- Collected data -

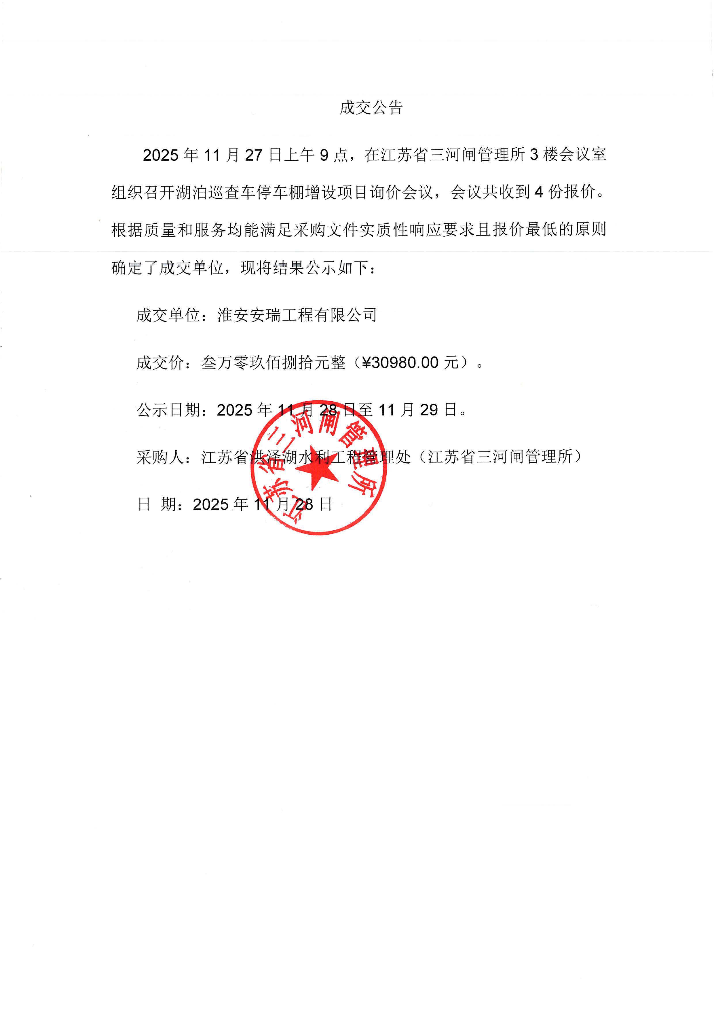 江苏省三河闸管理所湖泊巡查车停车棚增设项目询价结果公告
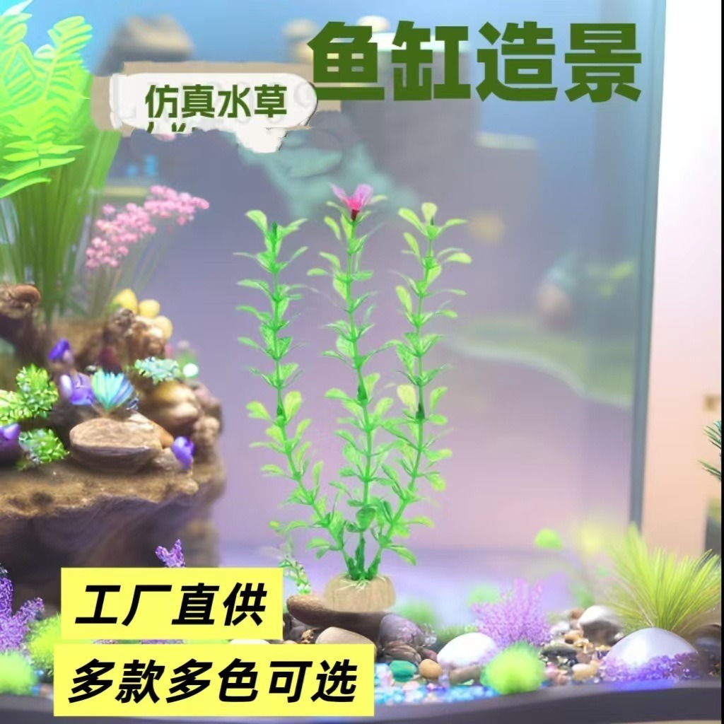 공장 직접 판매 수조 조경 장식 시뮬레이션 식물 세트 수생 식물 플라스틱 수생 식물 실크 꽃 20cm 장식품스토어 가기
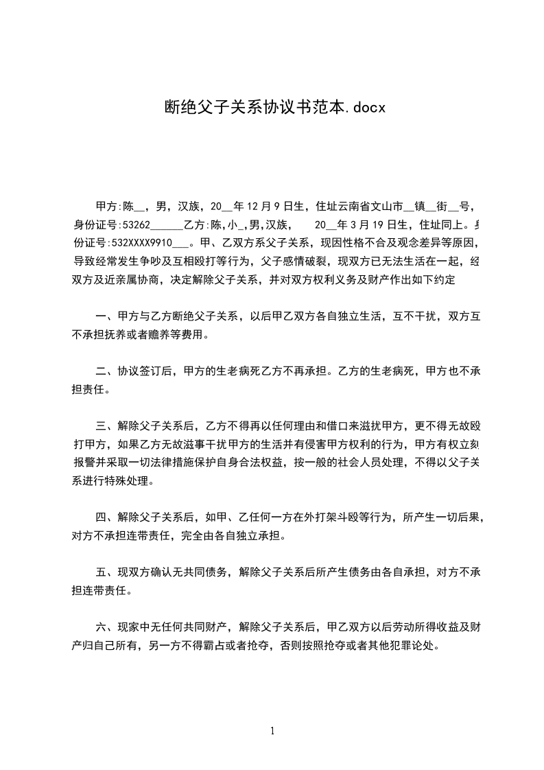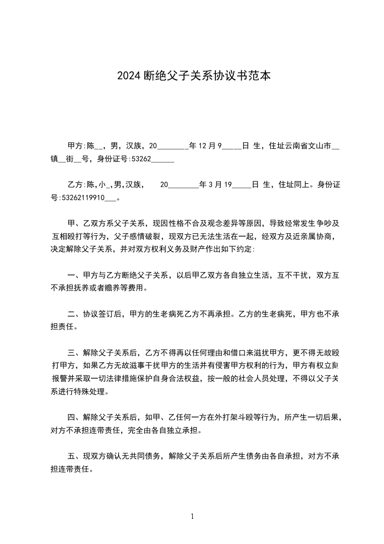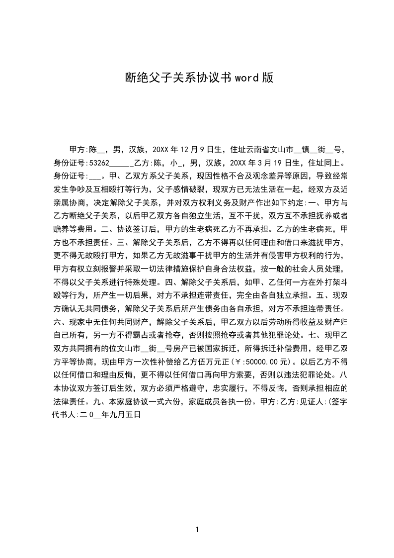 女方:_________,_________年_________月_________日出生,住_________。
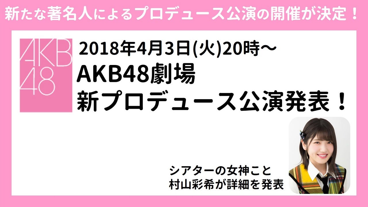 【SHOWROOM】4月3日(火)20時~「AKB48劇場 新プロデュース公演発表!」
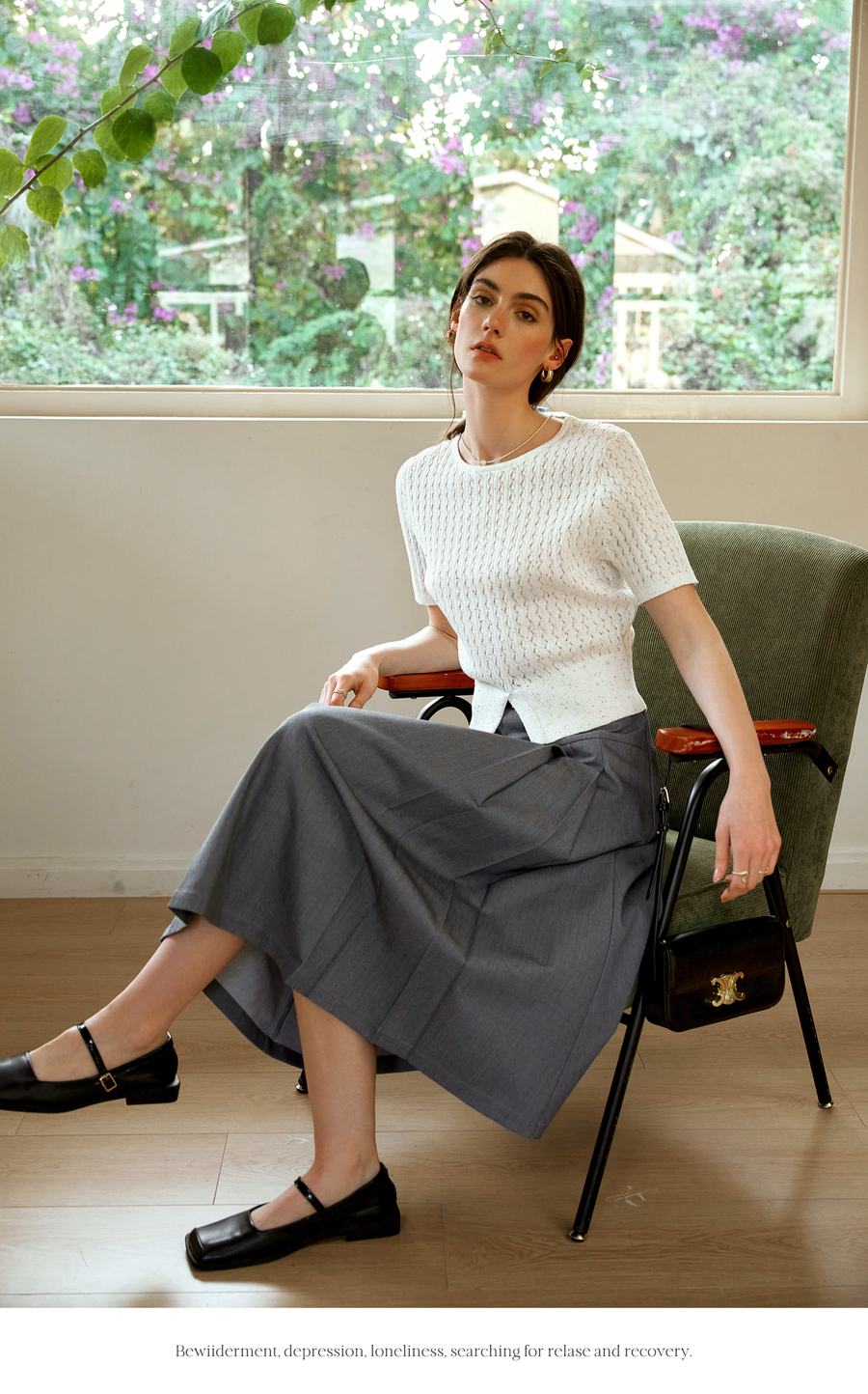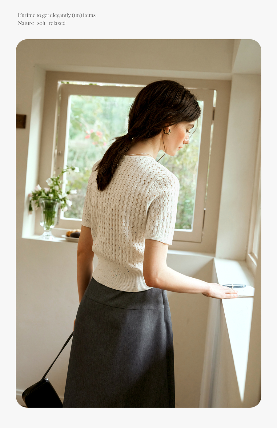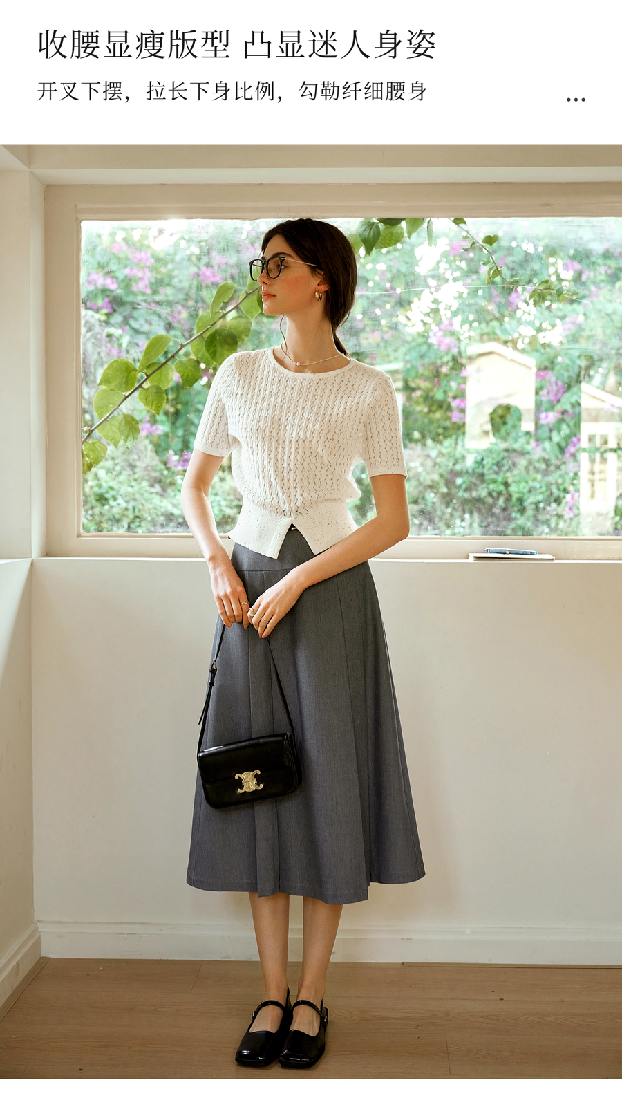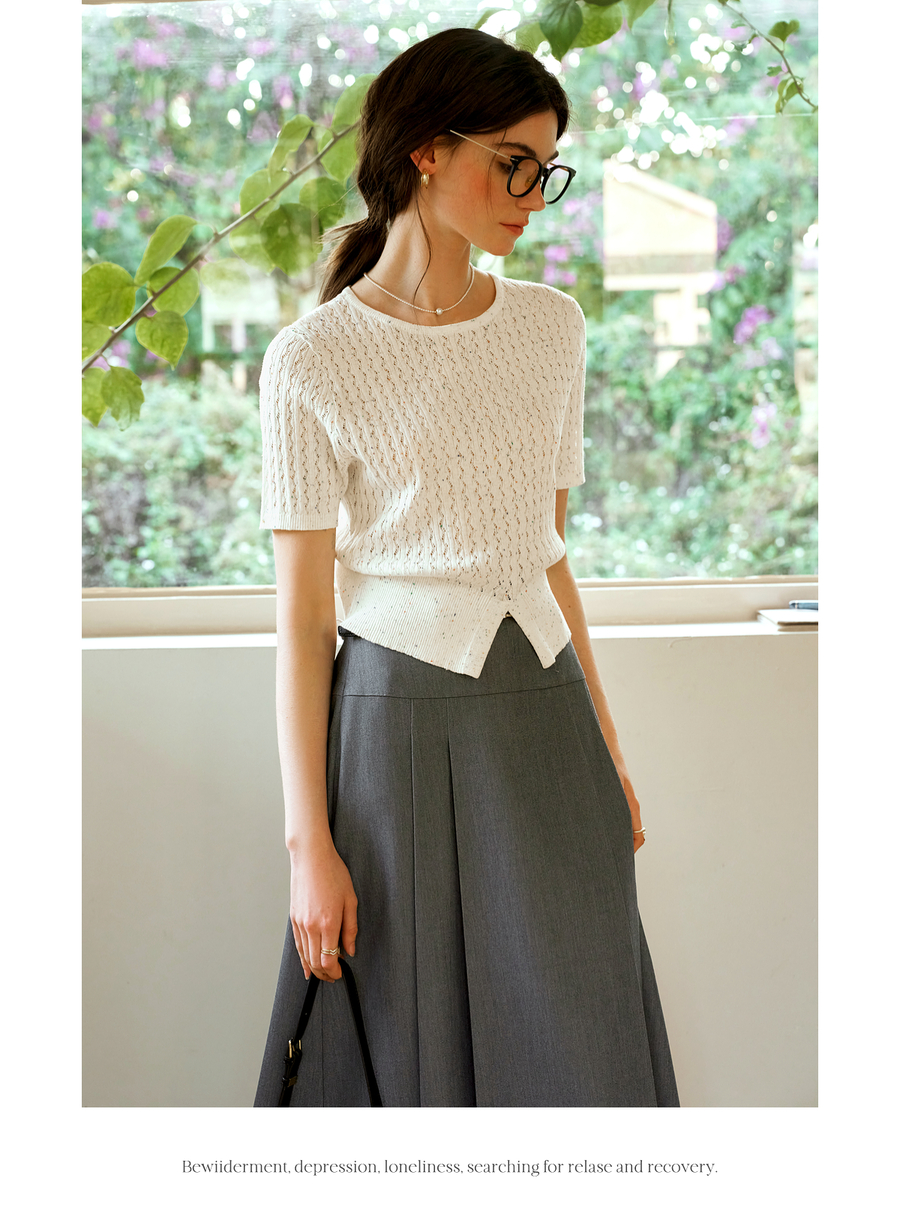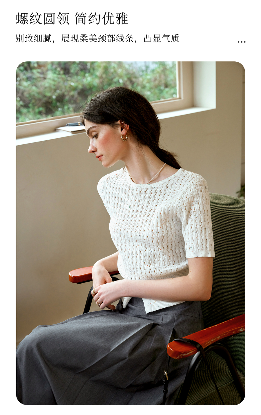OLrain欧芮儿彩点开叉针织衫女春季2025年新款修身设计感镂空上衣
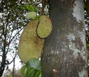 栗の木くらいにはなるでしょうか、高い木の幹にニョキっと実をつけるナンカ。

- THE TASK -
Each line of the data above must be reproduced as written. Skip the pictures.

- WRITTEN ANSWER -
 江苏省三河闸管理所湖泊巡查车停车棚增设项目询价结果公告
 공장 직접 판매 수조 조경 장식 시뮬레이션 식물 세트 수생 식물 플라스틱 수생 식물 실크 꽃 20cm 장식품스토어 가기
 女方:_________,_________年_________月_________日出生,住_________。
 【SHOWROOM】4月3日(火)20時~「AKB48劇場 新プロデュース公演発表!」
OLrain欧芮儿彩点开叉针织衫女春季2025年新款修身设计感镂空上衣
 栗の木くらいにはなるでしょうか、高い木の幹にニョキっと実をつけるナンカ。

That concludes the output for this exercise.